ECLI:NL:RBASS:2010:BO2615
Rechtbank Assen
- Eerste aanleg - meervoudig
- Rechtspraak.nl
Bewezenverklaring van brandstichting met ontoerekeningsvatbaarheid en plaatsing in psychiatrisch ziekenhuis
In deze zaak heeft de Rechtbank Assen op 2 november 2010 uitspraak gedaan in een strafzaak tegen een verdachte die beschuldigd werd van brandstichting. De verdachte, geboren in 1965 en verblijvende in P.I. Noord, werd ervan beschuldigd op 19 april 2010 opzettelijk brand te hebben gesticht in een snorfiets/scooter die bij zijn woning stond. De verdachte was niet verschenen op de zitting, maar zijn raadsvrouw, mr. H.A. Jonker-van Dijk, voerde de verdediging. De verdediging stelde dat de verdachte niet in staat was om de brandstichting te overzien en dat hij geen opzet had gehad, verwijzend naar een psychiatrisch rapport dat zijn geestelijke toestand beschreef.
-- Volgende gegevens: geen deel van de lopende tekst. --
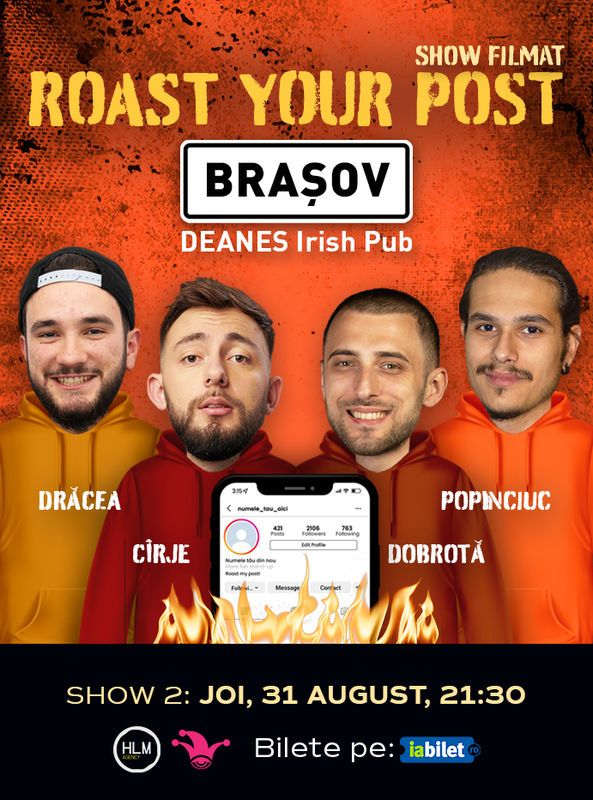 SHOW NOU în orașul tău. 4 băieți în apropierea ta sunt aici să-ți arate ce greșești în activitatea din social media și să-ți ia la ROAST profilul de Instagram. Te anunțăm că va fi un show filmat, deci cumpărând bilet la acest eveniment sunt șanse mari să apari pe Youtube, ai grijă.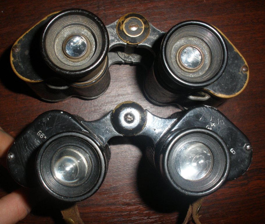 При условии хорошей оптики. Черный 8кратный 1945г.-500грн. Второй с лануневыми накладками от 300 до 600грн.,ищите клейма слева от них зависит цена.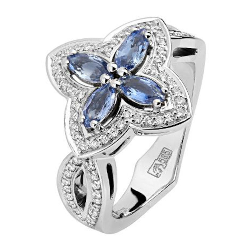 Кольцо из белого золота 585 пробы с сапфирами и бриллиантами 01К6291058-1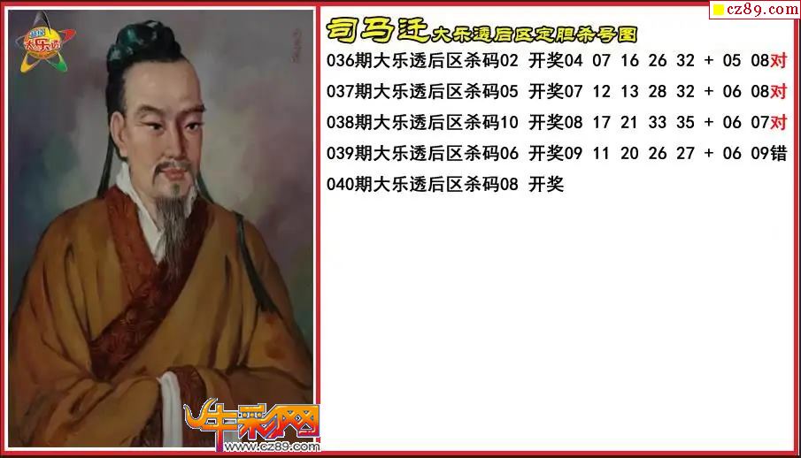 大乐透040期司马迁后区定胆杀号图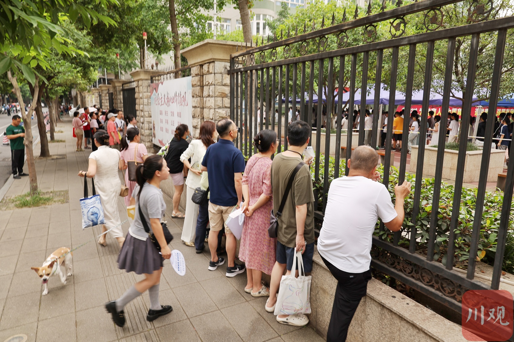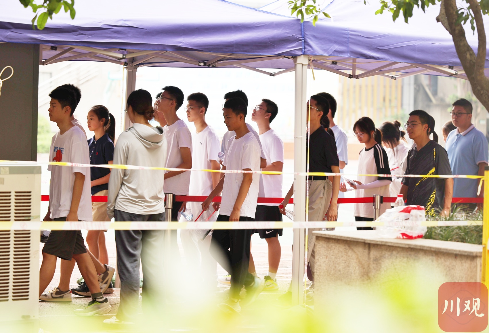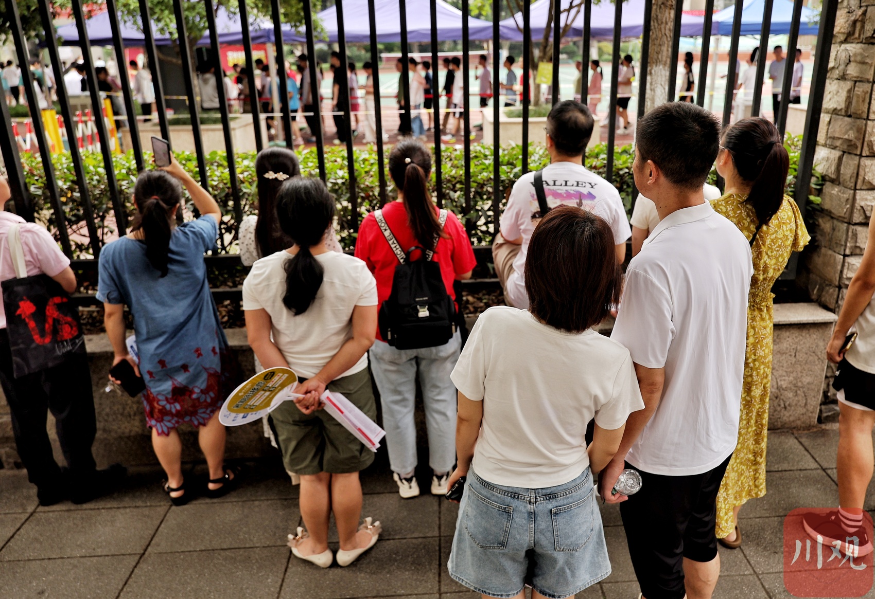 6月13日是2025年成都市中考首日。早上8时许,在四川师大附中书院分校高中部考点,考生们已经陆续进场,而翘首等候的家长们则聚集在街对面。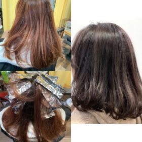 ブリーチハイライトを使って赤味の少ないミルクティーベージュに
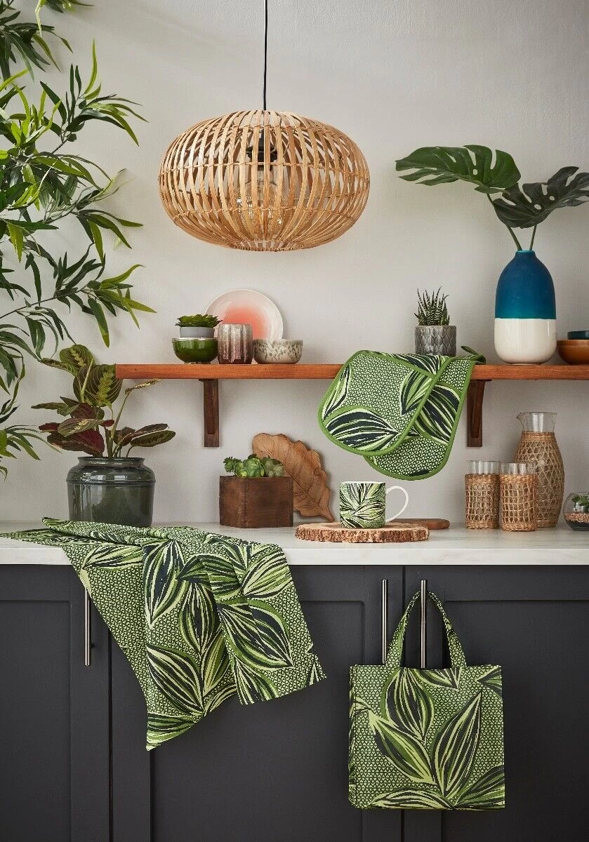 De Geo Leaves ovenwant van Ulster Weavers is vervaardigd van katoen en voorzien van een polyester vulling voor isolatie. Gebruik de ovenwant om hete pannen van het fornuis of uit de oven te pakken. Het ontwerp is gebaseerd op bladeren, op een groene ondergrond. De ovenwant is 37 cm lang en 20 cm breed.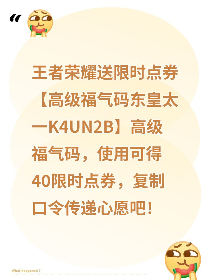 王者荣耀送限时点券【高级福气码东皇太一K4UN2B】高级福气码,使用可得40限时点券,复制口令传递心愿吧! 来自TapTap[ID:23305915 古瑟]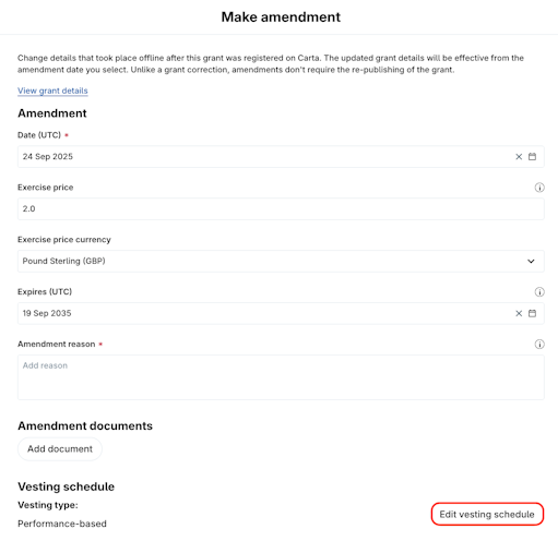 5. Locate the Vesting schedule section and click Edit vesting schedule.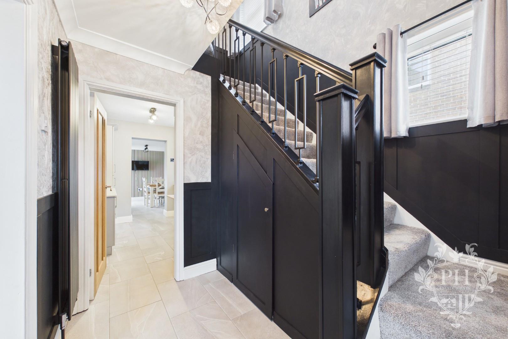 Step through the striking black composite front door, leaving the neat front garden behind and entering a bright, modern hallway. This welcoming space serves as the gateway to the expansive main reception room, the kitchen, and the staircase leading to the first floor. Natural light pours in from a UPVC double-glazed window set along the side, illuminating the hallway and highlighting the sleek, tiled flooring that continues seamlessly into the kitchen. Thoughtful touches include a spacious understair storage cupboard, perfect for tucking away everyday essentials, and a contemporary radiator that keeps the area warm and inviting.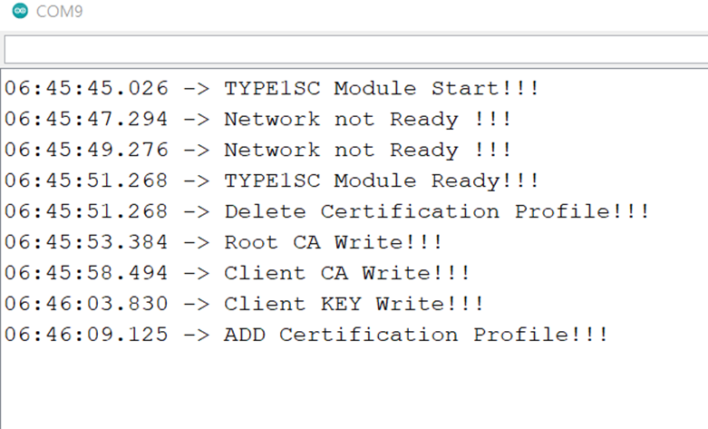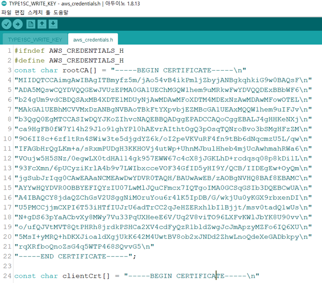 다운로드 받은 인증서를 헤더파일에 넣어서 예제로 세가지 키값을 모뎀에 인스톨
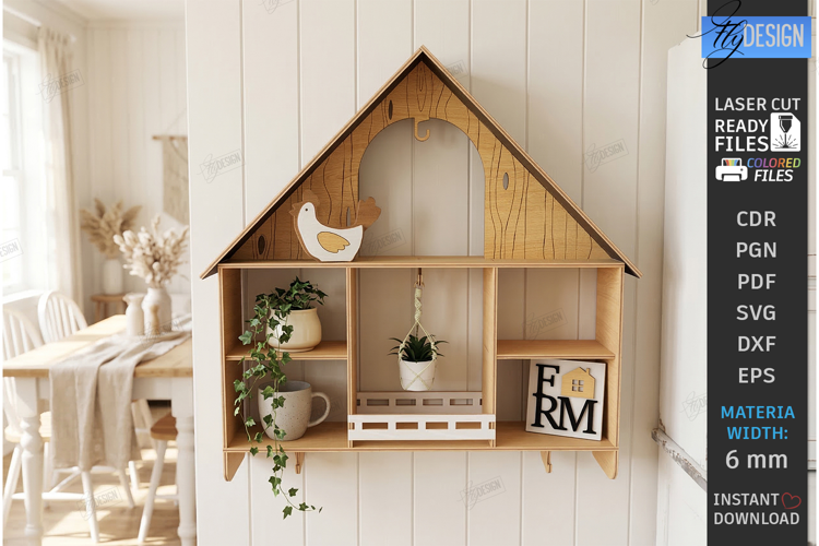 Similar Design Products to Farmhouse House Shelf Laser Cut | Rustic SVG | Wall Shelves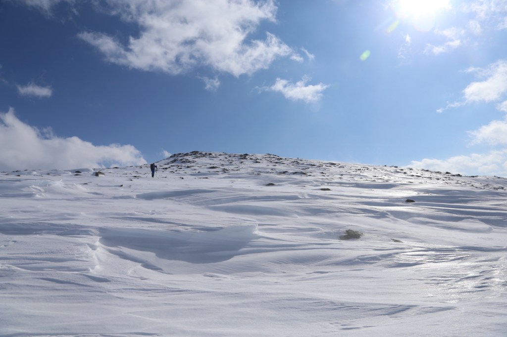 Vägen ner går smidigt med vinden i ryggen. Endast lite hårt den första biten där vi går till fots ner till skidorna.
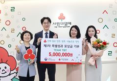 우리나라 수출 경쟁력 강화를 위해 노력한 공직자들이 받은 정부로부터 공로를 인정받아 지급 받은 포상금을 기부한 사연이 눈길을 끌고 있다. 사랑의열매 사회복지공동모금회는 24일 세종 사랑의열매 사무실에서 산업통상자원부 국가기술표준원 소속 팀 무역기술장벽(TBT) 배종수 연구관, 채예린 연구사, 윤지혜 전문위원 등이 참석한 가운데 특별 포상금 500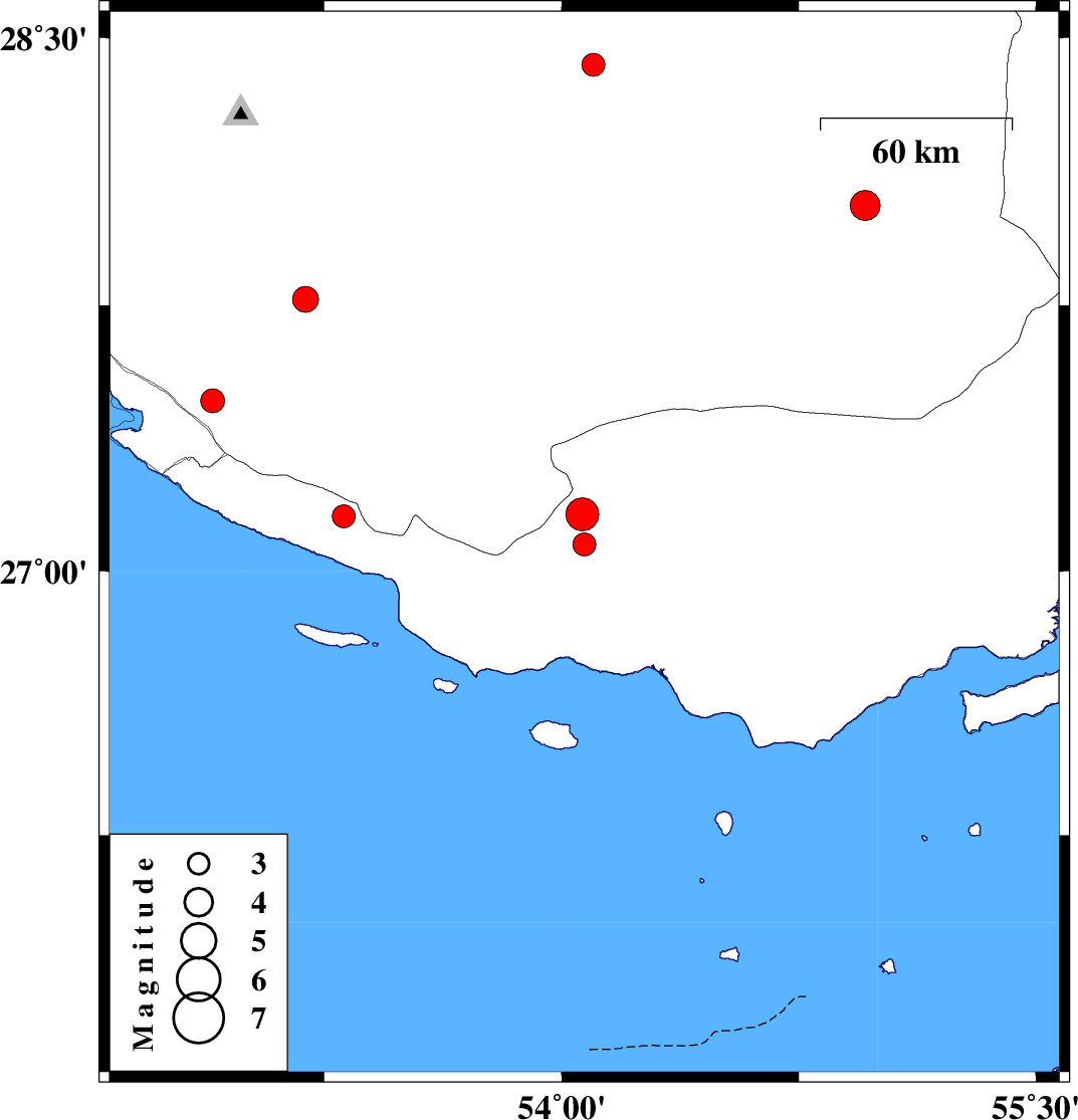 | 2022/05/04 | 06:34:47.4 | 11:04:47.4 | 28.031 | 54.96 | 19 | ML:4.2 | Fars Province, 73 km North-East of Lar |

De rechtbank heeft vastgesteld dat de verdachte lijdt aan een ziekelijke stoornis van zijn geestvermogens, wat zijn toerekeningsvatbaarheid beïnvloedde. Ondanks het feit dat de verdachte niet in staat was om de gevolgen van zijn daden te overzien, oordeelde de rechtbank dat er voldoende bewijs was dat hij opzettelijk de brand had gesticht. De rechtbank baseerde haar oordeel op verklaringen van getuigen en het proces-verbaal van de politie, waarin werd beschreven dat de verdachte eerder had aangegeven zijn woning in brand te willen steken.
De rechtbank heeft uiteindelijk geoordeeld dat de verdachte niet strafbaar was, maar dat hij wel een gevaar voor zichzelf en anderen vormde. Daarom werd besloten om de verdachte voor een termijn van één jaar in een psychiatrisch ziekenhuis te plaatsen. Dit vonnis is gewezen door de meervoudige kamer van de rechtbank, die zich baseerde op de conclusies van de gedragsdeskundigen en de feiten van de zaak.